(Data provided begins)
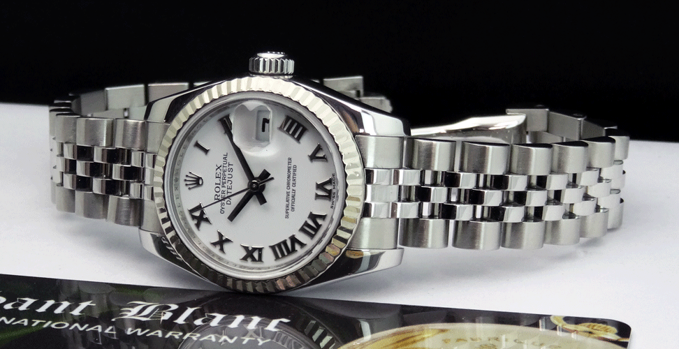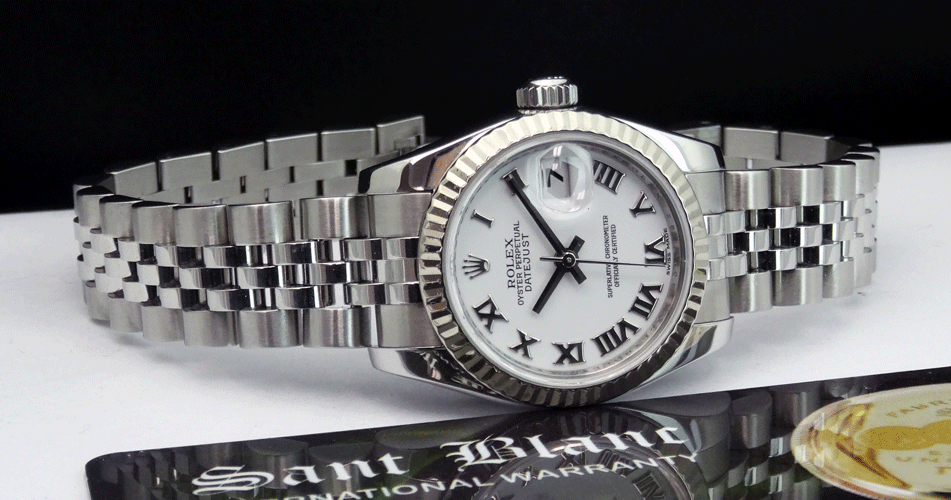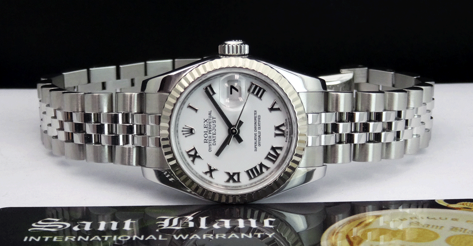 ROLEX - Ladies 18kt WG & SS Datejust - White Roman Dial - Model 179174 Authentic Rolex ROLEX - Factory White Roman Dial ROLEX - Ladies 18kt White Gold & SS Datejust ROLEX - Ladies 26mm Datejust Timepiece Details Absolutely Stunning brilliant Rolex White Roman Dial! This is the 26mm size 18kt White Gold & Stainless Steel Rolex Datejust model 179174: This is the style with the Rolex Stainless Steel Jubilee bracelet. To replace this Rolex has an estimated MSRP of $7,250. This Rolex is in pristine condition...Priced to sell immediately! Comes with genuine Rolex presentation boxes, Rolex books, Rolex tag, Retail Appraisal and The Sant Blanc Three Year Warranty!...In pristine condition...The Perfect Gift! This Rolex is authentic and stunning. Unconditionally guaranteed to be authentic Rolex. Returns & exchanges accepted. Returns for refund are accepted.. I have set the reserve well below the current value placed on this timepiece. SANT BLANC is a Swiss watch and timepiece specialist and not a Rolex dealer and have no affiliation with Rolex Watch USA. This Rolex timepiece is unconditionally guaranteed to be authentic. We are the sole warrantors of this timepiece. For questions please contact SANT BLANC through eBay ... Authentic Rolex. It does not get any better than this! Pictures do not reveal the radiant beauty of this timepiece. This Rolex is authentic and stunning. Unconditionally guaranteed to be authentic Rolex. Returns & exchanges accepted. Returns for refund are accepted.. I have set the reserve well below the current value placed on this timepiece. I am a Swiss Timepiece Specialist and not a Rolex dealer and have no affiliation with Rolex Watch USA. This Rolex timepiece is unconditionally guaranteed to be authentic. No factory warranty attached. We are the sole warrantors of this timepiece. For questions please contact SANT BLANC through eBay ... Payment must be received within 5 days of the end of the auction Payment Information The winning bidder must contact us within 2 days and payment must be received within 5 days of the close of this auction. If you you are unable to complete payment within 5 days, you must contact us immediately by phone SANT BLANC or contact Contact Our eBay Store: SANT BLANC . Guarantee This article meets or exceeds the demanding standards and specifications set by Sant Blanc. This item is authentic and genuine in pristine condition, functions properly and accurately and comes with a full seven day return money back guaranty. We are not responsible for photography and description errors and omissions in this auction. Changes and modifications to this description may be made at any time, and for any reason with out notice. This auction may be ended at anytime without notice. Warranty SANT BLANC warranty is for a full three years. The dependable operation of this article for a period of three years from the date of purchase. Modification, tampering and abuse void warranty. SANT BLANC is the sole warrantor of this article, the factory warranty no longer apply. SANT BLANC Service & Warranty Division and The SANT BLANC Service Center, services and repairs Swiss Made watches and timepieces. The SANT BLANC Service and Warranty Division has over 30 years experience as Swiss Timepiece specialist factory trained and certified "Watchmaker". The credentials include AWCI CW21 certified as one of the world's leading watchmaker. Our watchmaker is a certified graduate watchmaker with continuing Swiss Watch education including training from the Rolex Dallas Training Facility. Sant Blanc is dedicated to setting the highest standards in Swiss Timepiece excellence. We have a complete Swiss watch service center. We do our own in-house photography, and research. Please contact us if we can be of service to you. Shipping Information FedEx/UPS shipping is included.. This item is professionally packaged and shipped fully insured, adult signature required at delivery. We ship via FedEx, UPS, Brinks, Private Courier and United States Express Mail. Items are typically shipped within two business days of receipt of payment. You will be notified when your item has been shipped. We are not responsible for shipping and/or delivery delays resulting from acts of nature, theft, strikes, or shipping company errors affecting the shipment and/or delivery. This shipment is fully insured.. We ship world-wide fully insured by: UPS, FEDEX, BRINKS, Private Courier, and United States Express Mail. ATTENTION International Customers. NOTICE: International shipments are shipped at the customers risk to shipping delays, international and national regulations, Customs fees, taxation, and damage due to and/or resulting from shipping. We are not responsible for shipping delays, damage, theft, acts of nature affecting the shipment, Customs duties, fees, taxation or regulatory import restrictions . This disclaimer applies only to shipments outside the United States, and does not apply to shipments within the United States. Arrangements must be made for delivery to PO boxes. Provide a physical address, and contact phone number with your payment. If payment is made by PayPal, and your shipping address is different than your confirmed address in PayPal, you must contact us directly to let us know of the requested change. Address change approval will be sent to you, otherwise this item will be sent to your confirmed PayPal address. About Sant Blanc SANT BLANC is a Swiss Timepiece Specialist Company, located in Branson Missouri USA. The Sant Blanc Service Center is a state of the art service facility, servicing all Swiss Made watches and is open to our customers by appointment. The Sant Blanc Sale Division specializes in offering the finest Swiss Made Timepieces. The Sant Blanc Consignment Division sells watches on behalf of our customers. Thank you for your interest SANT BLANC Notice: SANT BLANC is not an official nor an authorized dealer for any product offered or sold and SANT BLANC has no affiliation with the m
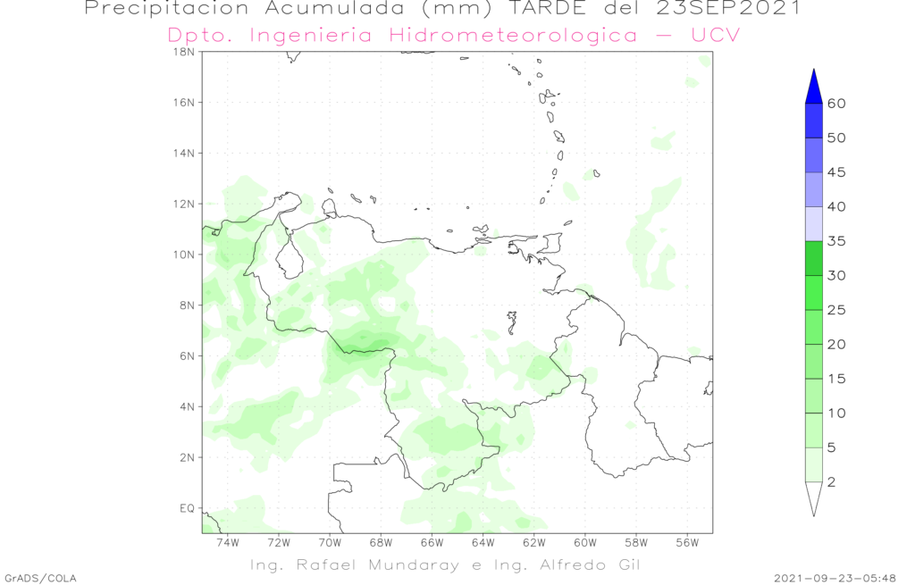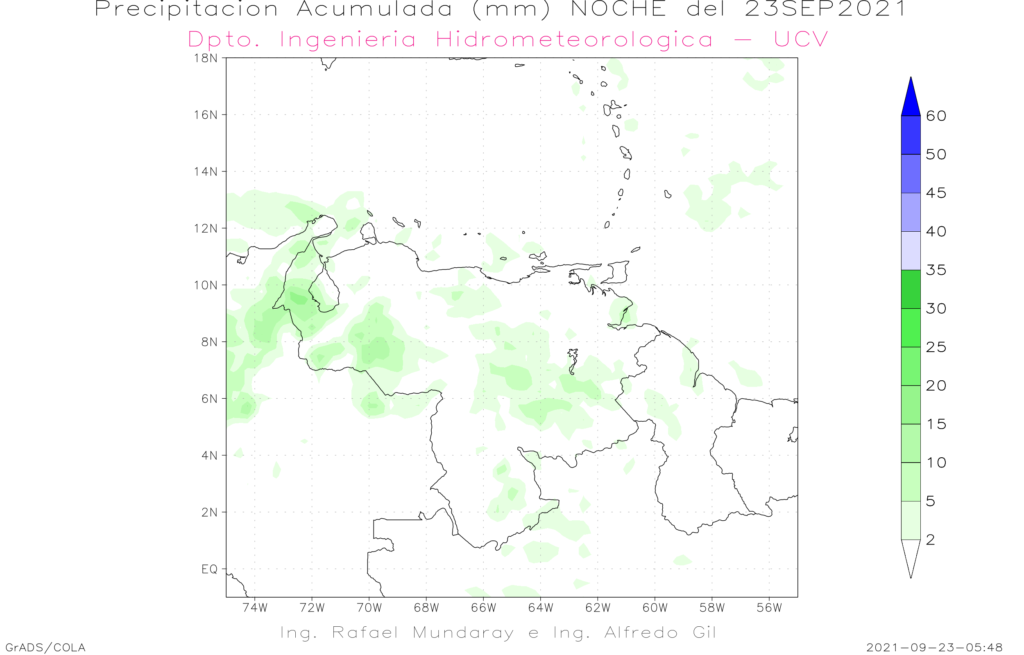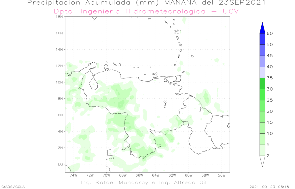 Entre el 23 al las 08:00 HLV y el 24 a las 8:00 HLV de septiembre se prevé eventos precipitaciones en casi todo el territorio nacional, los eventos mas importantes se esperan Zulia, región andina, llanos occidentales, Bolívar, y sur de Amazonas. Se espera que se mantengan las lluvias durante la mañana en Apure, sur de los estados Amazonas y Guárico, luego en horas de la tarde se deben reactivar los eventos de precipitaciones
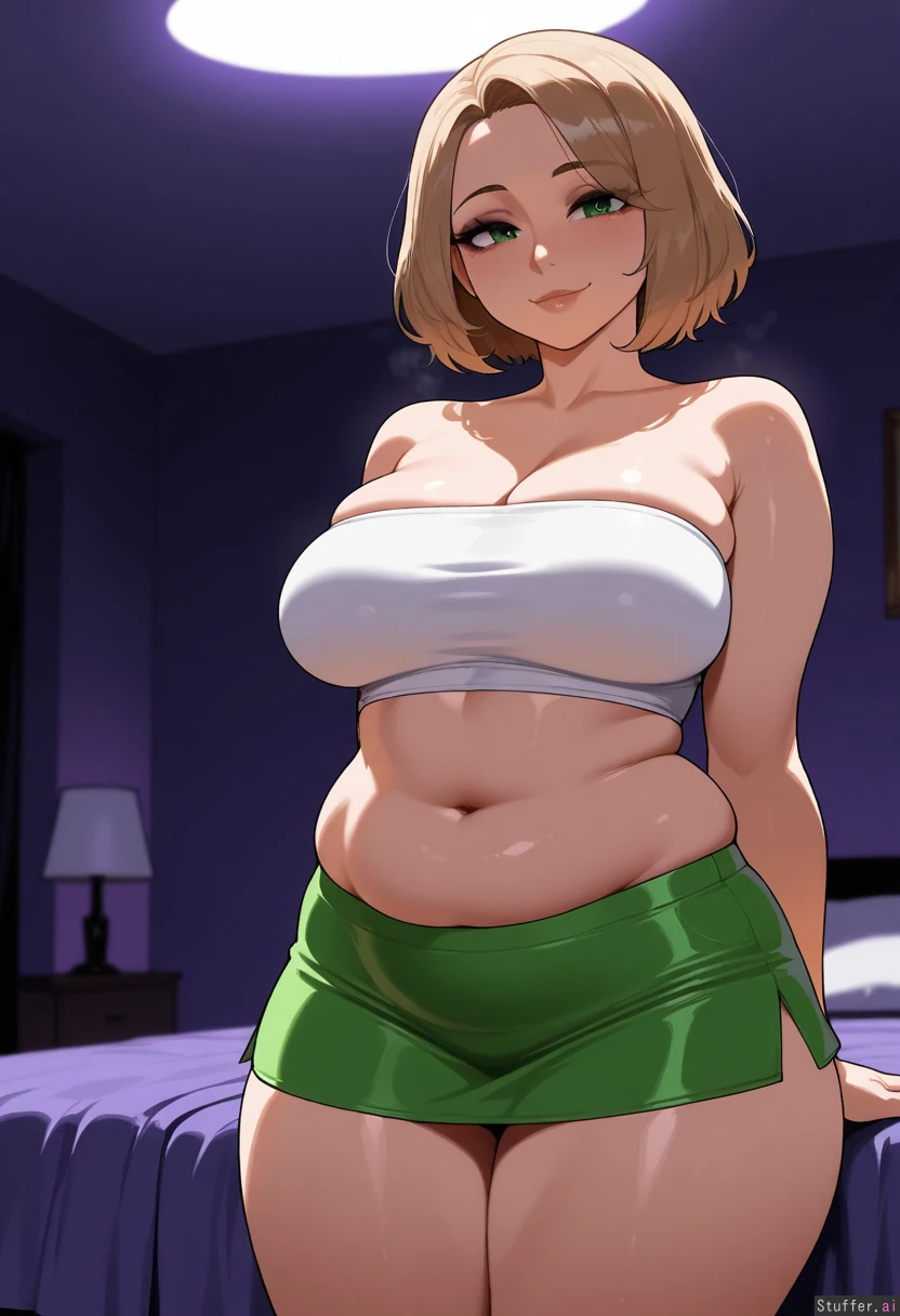 masterpiece, amazing resolution, nyantcha(artist), krekkov(artist), dramatic lighting , intricate details , detailed eyes, hdr, best quality, (soft shading), dim lighting, realistic lighting , no windows, dark purple lighting, (bimbo, light brown hair, green eyes), soft mommy girlfriend, dark eyeshadow, curvy, (chubby:0.5), full breasts, pudgy belly, (chubby thighs:1.2), looking at viewer, viewer looking at her, inside on bed ,chubby, Short hair, falling toward her shoulders, slightly layered and natural hair, parted near middle, no bangs, volume natural straight_hair, Arms crossed, (Top: fitted tube top, (white tube top), fabric is tight and slightly wrinkled, clinging to her torso and emphasizing a streamlined shape, scoop neckline), (Bottoms: loose, polyester, low-waisted sea green short skirt, the short skirt is relaxed, there's visible gathering at the waist, showing elastic fit and chub),
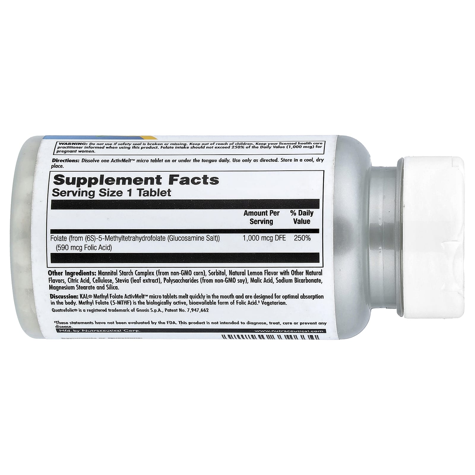 Análise: Os microcomprimidos Methyl Folate ActivMelt™ da KAL® derretem rapidamente na boca e são desenvolvidos para uma absorção ideal pelo corpo. O Metilfolato (5-MTHF) é a forma biologicamente ativa e biodisponível do Ácido Fólico.
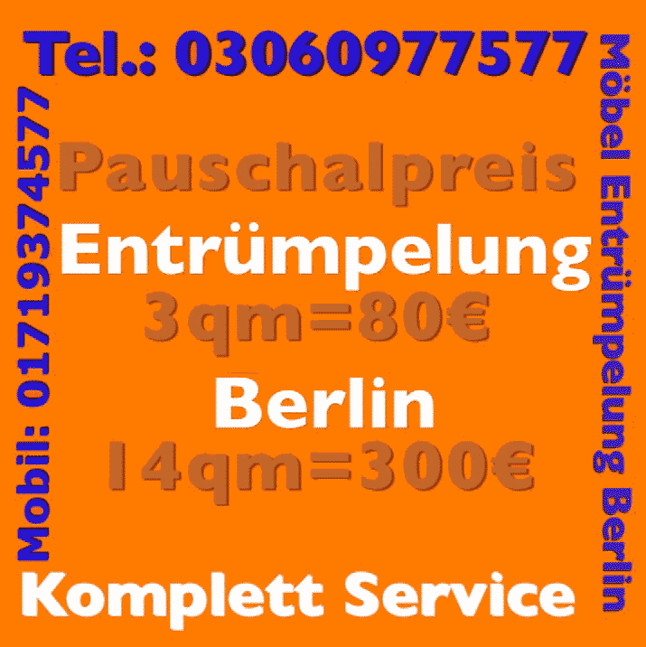 Ebenso wird eine BSR Entsorgung in Berlin schnell einmal notwendig. Mit uns als Partner lässt sie dies auch ohne langfristige Planung schnell komfortabel realisieren. Mit unseren Wohnungsauflösung Angeboten Entrümpelungsdienst Sperrmüllabholung Berlin, Möbel Entsorgung Berlin und auf Video Entsorgung und Bilder von Entsorgung Sperrmüll Berlin, erhalten Sie Ihre Emtrümpelung fachmännisch zum vereinbarten Preis. Wohnung Entsorgung in Berlin oder Möbel Entsorgung in Berlin werden jeweils im Rahmen unseres Abtransport-Sofortdienstes mit einem modernen Sprinter Fahrzeug durchgeführt und damit zu einem komfortablen Vorhaben zum exklusiven Hammerpreis. Bei uns stimmen Angebot, Preis, Leistung, Service. Überzeugen Sie sich und rufen Sie uns an. Unser professionelle Wohnungsentrümpelung Berlin Service ist jederzeit erreichbar und steht zu Ihrem Wunschtermin für alle Arbeiten rund um Entsorgung inkl. Abholung in Berlin zur Verfügung.
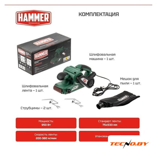 | Комплект поставки | - Шлифмашина ленточная - 1 шт.- Лента шлифовальная - 1 шт.- Мешок-пылесборник - 1 шт.- Струбцины - 2 шт.- Инструкция- Упаковка |
(Data provided ends)
### Exercise objective
Write out all of the data above exactly, without any of its pictures.

### Task answer
 ROLEX - Ladies 18kt WG & SS Datejust - White Roman Dial - Model 179174 Authentic Rolex ROLEX - Factory White Roman Dial ROLEX - Ladies 18kt White Gold & SS Datejust ROLEX - Ladies 26mm Datejust Timepiece Details Absolutely Stunning brilliant Rolex White Roman Dial! This is the 26mm size 18kt White Gold & Stainless Steel Rolex Datejust model 179174: This is the style with the Rolex Stainless Steel Jubilee bracelet. To replace this Rolex has an estimated MSRP of $7,250. This Rolex is in pristine condition...Priced to sell immediately! Comes with genuine Rolex presentation boxes, Rolex books, Rolex tag, Retail Appraisal and The Sant Blanc Three Year Warranty!...In pristine condition...The Perfect Gift! This Rolex is authentic and stunning. Unconditionally guaranteed to be authentic Rolex. Returns & exchanges accepted. Returns for refund are accepted.. I have set the reserve well below the current value placed on this timepiece. SANT BLANC is a Swiss watch and timepiece specialist and not a Rolex dealer and have no affiliation with Rolex Watch USA. This Rolex timepiece is unconditionally guaranteed to be authentic. We are the sole warrantors of this timepiece. For questions please contact SANT BLANC through eBay ... Authentic Rolex. It does not get any better than this! Pictures do not reveal the radiant beauty of this timepiece. This Rolex is authentic and stunning. Unconditionally guaranteed to be authentic Rolex. Returns & exchanges accepted. Returns for refund are accepted.. I have set the reserve well below the current value placed on this timepiece. I am a Swiss Timepiece Specialist and not a Rolex dealer and have no affiliation with Rolex Watch USA. This Rolex timepiece is unconditionally guaranteed to be authentic. No factory warranty attached. We are the sole warrantors of this timepiece. For questions please contact SANT BLANC through eBay ... Payment must be received within 5 days of the end of the auction Payment Information The winning bidder must contact us within 2 days and payment must be received within 5 days of the close of this auction. If you you are unable to complete payment within 5 days, you must contact us immediately by phone SANT BLANC or contact Contact Our eBay Store: SANT BLANC . Guarantee This article meets or exceeds the demanding standards and specifications set by Sant Blanc. This item is authentic and genuine in pristine condition, functions properly and accurately and comes with a full seven day return money back guaranty. We are not responsible for photography and description errors and omissions in this auction. Changes and modifications to this description may be made at any time, and for any reason with out notice. This auction may be ended at anytime without notice. Warranty SANT BLANC warranty is for a full three years. The dependable operation of this article for a period of three years from the date of purchase. Modification, tampering and abuse void warranty. SANT BLANC is the sole warrantor of this article, the factory warranty no longer apply. SANT BLANC Service & Warranty Division and The SANT BLANC Service Center, services and repairs Swiss Made watches and timepieces. The SANT BLANC Service and Warranty Division has over 30 years experience as Swiss Timepiece specialist factory trained and certified "Watchmaker". The credentials include AWCI CW21 certified as one of the world's leading watchmaker. Our watchmaker is a certified graduate watchmaker with continuing Swiss Watch education including training from the Rolex Dallas Training Facility. Sant Blanc is dedicated to setting the highest standards in Swiss Timepiece excellence. We have a complete Swiss watch service center. We do our own in-house photography, and research. Please contact us if we can be of service to you. Shipping Information FedEx/UPS shipping is included.. This item is professionally packaged and shipped fully insured, adult signature required at delivery. We ship via FedEx, UPS, Brinks, Private Courier and United States Express Mail. Items are typically shipped within two business days of receipt of payment. You will be notified when your item has been shipped. We are not responsible for shipping and/or delivery delays resulting from acts of nature, theft, strikes, or shipping company errors affecting the shipment and/or delivery. This shipment is fully insured.. We ship world-wide fully insured by: UPS, FEDEX, BRINKS, Private Courier, and United States Express Mail. ATTENTION International Customers. NOTICE: International shipments are shipped at the customers risk to shipping delays, international and national regulations, Customs fees, taxation, and damage due to and/or resulting from shipping. We are not responsible for shipping delays, damage, theft, acts of nature affecting the shipment, Customs duties, fees, taxation or regulatory import restrictions . This disclaimer applies only to shipments outside the United States, and does not apply to shipments within the United States. Arrangements must be made for delivery to PO boxes. Provide a physical address, and contact phone number with your payment. If payment is made by PayPal, and your shipping address is different than your confirmed address in PayPal, you must contact us directly to let us know of the requested change. Address change approval will be sent to you, otherwise this item will be sent to your confirmed PayPal address. About Sant Blanc SANT BLANC is a Swiss Timepiece Specialist Company, located in Branson Missouri USA. The Sant Blanc Service Center is a state of the art service facility, servicing all Swiss Made watches and is open to our customers by appointment. The Sant Blanc Sale Division specializes in offering the finest Swiss Made Timepieces. The Sant Blanc Consignment Division sells watches on behalf of our customers. Thank you for your interest SANT BLANC Notice: SANT BLANC is not an official nor an authorized dealer for any product offered or sold and SANT BLANC has no affiliation with the m
 Entre el 23 al las 08:00 HLV y el 24 a las 8:00 HLV de septiembre se prevé eventos precipitaciones en casi todo el territorio nacional, los eventos mas importantes se esperan Zulia, región andina, llanos occidentales, Bolívar, y sur de Amazonas. Se espera que se mantengan las lluvias durante la mañana en Apure, sur de los estados Amazonas y Guárico, luego en horas de la tarde se deben reactivar los eventos de precipitaciones
 masterpiece, amazing resolution, nyantcha(artist), krekkov(artist), dramatic lighting , intricate details , detailed eyes, hdr, best quality, (soft shading), dim lighting, realistic lighting , no windows, dark purple lighting, (bimbo, light brown hair, green eyes), soft mommy girlfriend, dark eyeshadow, curvy, (chubby:0.5), full breasts, pudgy belly, (chubby thighs:1.2), looking at viewer, viewer looking at her, inside on bed ,chubby, Short hair, falling toward her shoulders, slightly layered and natural hair, parted near middle, no bangs, volume natural straight_hair, Arms crossed, (Top: fitted tube top, (white tube top), fabric is tight and slightly wrinkled, clinging to her torso and emphasizing a streamlined shape, scoop neckline), (Bottoms: loose, polyester, low-waisted sea green short skirt, the short skirt is relaxed, there's visible gathering at the waist, showing elastic fit and chub),
 Análise: Os microcomprimidos Methyl Folate ActivMelt™ da KAL® derretem rapidamente na boca e são desenvolvidos para uma absorção ideal pelo corpo. O Metilfolato (5-MTHF) é a forma biologicamente ativa e biodisponível do Ácido Fólico.
 Ebenso wird eine BSR Entsorgung in Berlin schnell einmal notwendig. Mit uns als Partner lässt sie dies auch ohne langfristige Planung schnell komfortabel realisieren. Mit unseren Wohnungsauflösung Angeboten Entrümpelungsdienst Sperrmüllabholung Berlin, Möbel Entsorgung Berlin und auf Video Entsorgung und Bilder von Entsorgung Sperrmüll Berlin, erhalten Sie Ihre Emtrümpelung fachmännisch zum vereinbarten Preis. Wohnung Entsorgung in Berlin oder Möbel Entsorgung in Berlin werden jeweils im Rahmen unseres Abtransport-Sofortdienstes mit einem modernen Sprinter Fahrzeug durchgeführt und damit zu einem komfortablen Vorhaben zum exklusiven Hammerpreis. Bei uns stimmen Angebot, Preis, Leistung, Service. Überzeugen Sie sich und rufen Sie uns an. Unser professionelle Wohnungsentrümpelung Berlin Service ist jederzeit erreichbar und steht zu Ihrem Wunschtermin für alle Arbeiten rund um Entsorgung inkl. Abholung in Berlin zur Verfügung.
 | Комплект поставки | - Шлифмашина ленточная - 1 шт.- Лента шлифовальная - 1 шт.- Мешок-пылесборник - 1 шт.- Струбцины - 2 шт.- Инструкция- Упаковка |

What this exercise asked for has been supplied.